The financial system has reached a significant stability over the past six months, but some of the root causes of the crisis remain. One of those is an accumulation of debt. The implications of the stocks of debt held by agents across the economy – the debt hangover – and the current opportunities available to pay them down, before describing two reforms that might curb the accumulation of debt in the future, have been the focus of a speech in Liverpool by Andrew Haldane – Executive Director for Financial Stability for the Bank of England.
To different degrees a debt hangover is affecting households, financial and non-financial companies and sovereign states around the world, but is perhaps greatest in the financial system. Mr. Haldane noted, in his speech, that to date the servicing costs of these debts have been cushioned by policymakers’ actions, but public sector support can only ever offer temporary relief – they are not a long-run cure.

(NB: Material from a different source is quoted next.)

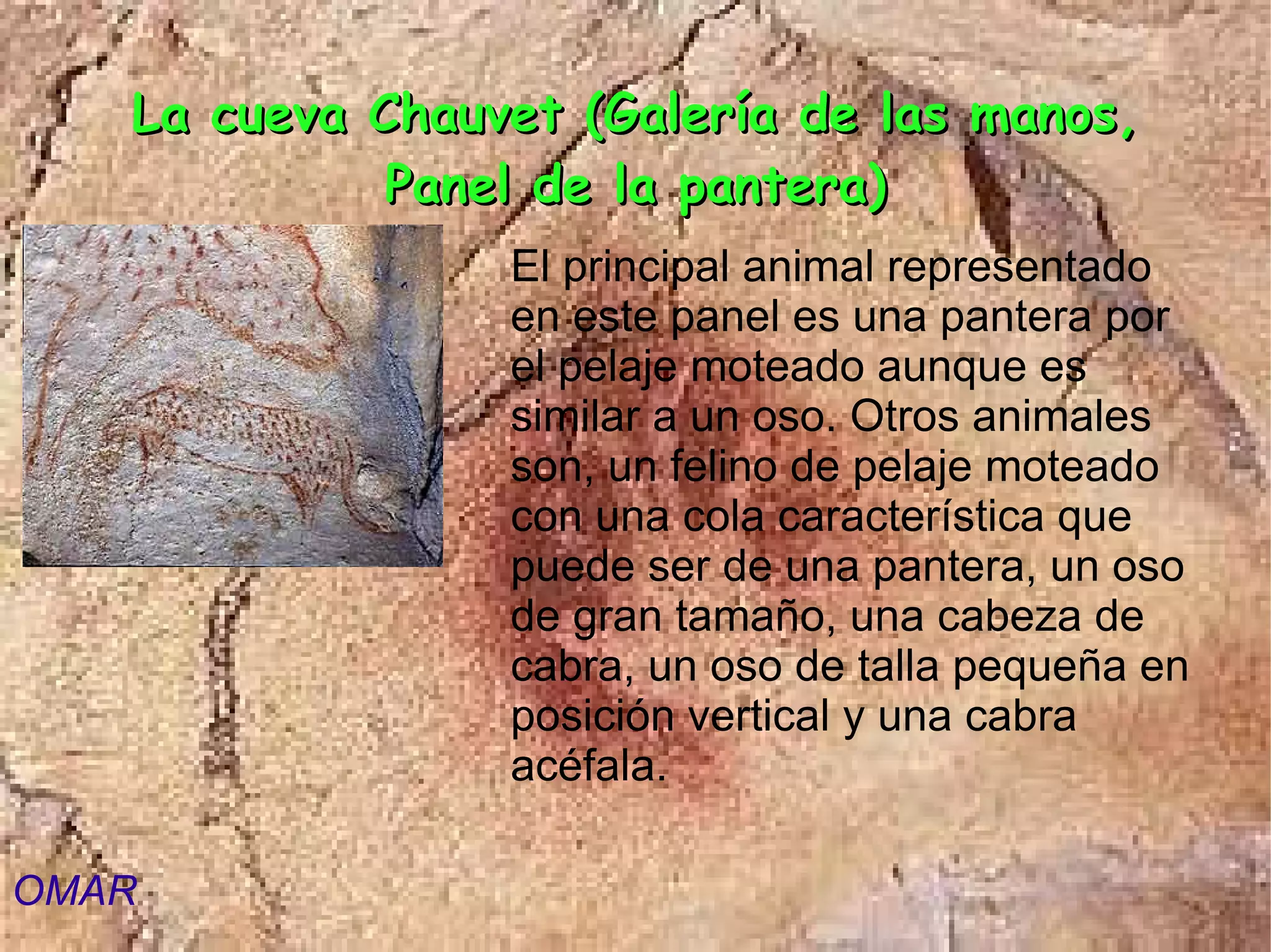 El panel representa varios animales, principalmente una pantera identificada por su pelaje moteado, aunque se parece a un oso. Otros animales incluyen otro felino moteado posiblemente una pantera, un gran oso, una cabeza de cabra y un pequeño oso de pie junto a una cabra sin cabeza.

Which options are open to restore normal conditions? First, banks should take advantage of the profits they have achieved this year to bolster their balance sheets. “There is a strong case for banks, in the UK and internationally, pocketing this windfall rather than distributing it to either staff or shareholders.” That is, the bank of England is saying ‘no’ to the megabonuses banks and financial companies seem ready to pay their high level managers, as if the past 18 months had been no use. The very position expresses by the US President, Barack Obama days ago. This would allow banks’ balance sheets to be repaired while supporting lending to the real economy. Mr. Haldane expressed worries, though, there has been little evidence of such prudential opportunism thus far.
Second option, he says there is a case for restructuring debt claims into equity to benefit both lenders and borrowers. A number of global banks have, in effect, already initiated such strategies and they could help improve balance sheets across all sectors.
Debt crises cannot be eliminated, but their frequency and scale might be moderated. In order to do that, reforms are necessary. He suggested two in particular: First, macro-prudential policies should be designed to curb the credit cycle, and lean against the collective tendency for banks to make significant distributions even when profits are low; second, a redesign of debt contracts, such that they become state contingent. “If contingent capital became more widespread, banks’ capital ratios would be automatically stabilised over the cycle, lowering the chances of future banking crises.” He also believes there is merit in considering how state-contingent debt might be adopted in other sectors.